Replies are listed 'Best First'.
Re^2: Help needed to compare two unicode strings!!! by pijush (Scribe) on Aug 30, 2004 at 17:02 UTC
Thanks for your reply. Actually, I want to make unicode string comparasion robust. So I need to compare both Canonical equivalance as well as Compatibility equivalance. I can mention one example where these two equivalance makes difference. The half-width and full-width katakana* characters have same compatibility equivalents, but they are not canonical equivalent.* So, is it fine to compare canonical equivalance first and then compatibility equivalance? TIA -Pijush	[reply]

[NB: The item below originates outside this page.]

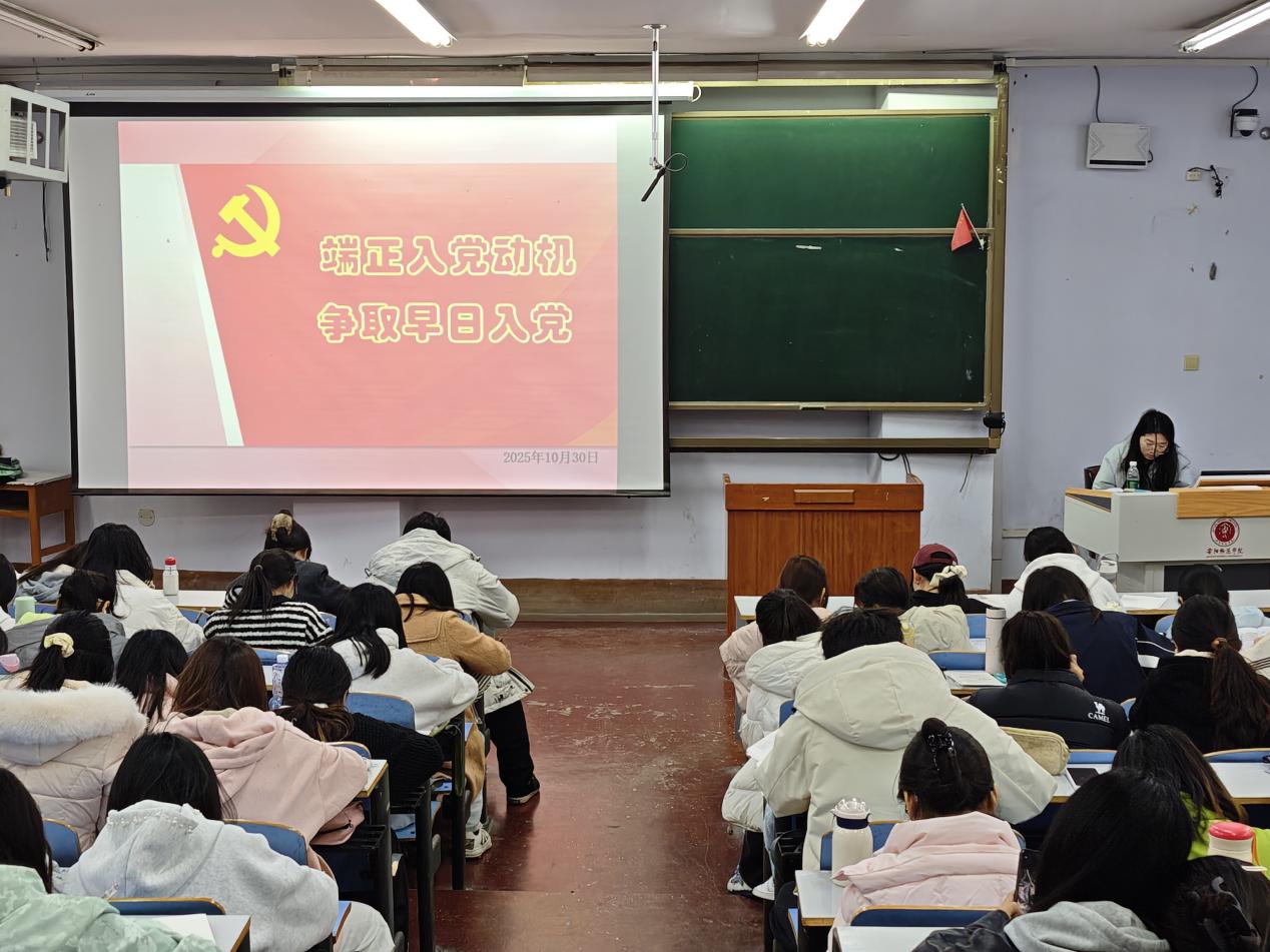 为端正入党动机,强化党性修养,2025年10月30日,历史与文博学院于和鸣阶梯1201开展“端正入党动机,争取早日入党” 主题党课。党课由历史与文博学院2024级辅导员李春辉主讲,第51期入党积极分子参加。

Re^3: Help needed to compare two unicode strings!!! by pg (Canon) on Aug 31, 2004 at 01:41 UTC
"So, is it fine to compare canonical equivalance first and then compatibility equivalance?" This is all about purpose. What is your purpose? You said that you wanted to make the comparason robust, but what is a "robust comparason" (this is not a concept defined in unicode standards, but rather a term you created to serve your own thought, which was not clearly expressed) In general, the canonical equivalancy is the basic equivalancy, and is most likely good enough for you. To compare both equivalancy really does not make the comparason robust. To me robust means not exposed to error or exposed to less errors, which does not make much sense here (both equivalancy has their own purpose, and none of them produces ERROR). Say it one more time, it is about your purpose, about the kind of equivalancy you want.	[reply]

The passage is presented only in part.